Effect of carrier transition mechanisms and gain compression on relative intensity noise of 1.55 µm QD lasers

The impacts of gain compression and direct carrier transition on relative intensity noise (RIN) characteristics of 1.55 µm QD lasers have been investigated theoretically. The auto and cross correlation coefficients are calculated through small signal linearization of rate equations for carriers and photon numbers in presence of Langevin noise sources. Calculations reveal that gain nonlinearity reduces RIN level of QD lasers while increases damping factor. These results show good agreement with experimental measurements of RIN spectrum in 1.55 µm QD lasers which is flat up to 10 GHz. Evaluations demonstrate that among wetting layer, Quantum and Photon shot noises, the second and third one have essential role in overall value of RIN in both linear and nonlinear QD lasers.

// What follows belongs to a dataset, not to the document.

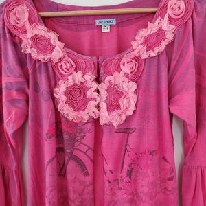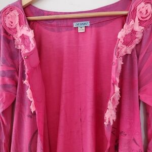 90s Pink Purple Floral Rosettes Cardigan Bell Lightweight Whimsy Girly Fairy Y2K

Moreover, calculations indicate that by increasing the direct carrier transition time, RIN level of auto and cross correlations resulted from wetting layer and ground state carriers increases. Finally, it is shown that the RIN level declines in nonlinear QD lasers by working at higher injection currents which is in confirmation with recent experimental reports. Though, it is demonstrated that considering nonlinear gain and direct carrier transition play essential role on correct modeling of RIN characteristics in 1.55 µm QD lasers.